This directory contains microbenchmarks for comparing DataFusion and DuckDB performance on individual SQL functions. Unlike the TPC-H and TPC-DS benchmarks which test full query execution, these microbenchmarks focus on the performance of specific SQL functions and expressions.
The benchmarks generate synthetic data, write it to Parquet format, and then measure the execution time of various SQL functions across both DataFusion and DuckDB. Results include per-function timing comparisons and summary statistics.

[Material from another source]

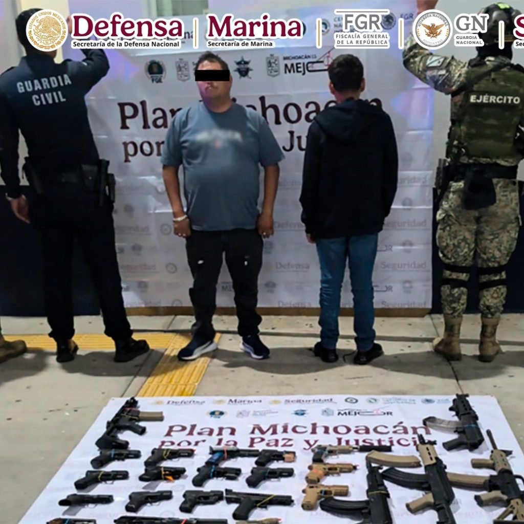 Como parte de las acciones del Plan Michoacán por la Paz y la Justicia, autoridades federales y locales detuvieron a tres personas, aseguraron 36 armas de fuego, mil 86 cartuchos, 61 cargadores, un artefacto explosivo improvisado, nueve vehículos y equipo táctico.

Create a virtual environment and install dependencies:
cd microbenchmarks python3 -m venv venv source venv/bin/activate pip install -r requirements.txt
Run a benchmark:
python microbenchmarks.py
| Option | Default | Description |
|---|---|---|
--rows | 1000000 | Number of rows in the generated test data |
--warmup | 2 | Number of warmup iterations before timing |
--iterations | 5 | Number of timed iterations (results are averaged) |
--output | stdout | Output file path for markdown results |
Run the benchmark with default settings:
python microbenchmark.py
Run the benchmark with 10 million rows:
python microbenchmarks.py --rows 10000000
Run the benchmark and save results to a file:
python microbenchmarks.py --output results.md
The benchmark outputs a markdown table comparing execution times:
| Function | DataFusion (ms) | DuckDB (ms) | Speedup | Faster |
|---|---|---|---|---|
| trim | 12.34 | 15.67 | 1.27x | DataFusion |
| lower | 8.90 | 7.50 | 1.19x | DuckDB |
| ... | ... | ... | ... | ... |
A summary section shows overall statistics including how many functions each engine won and total execution times.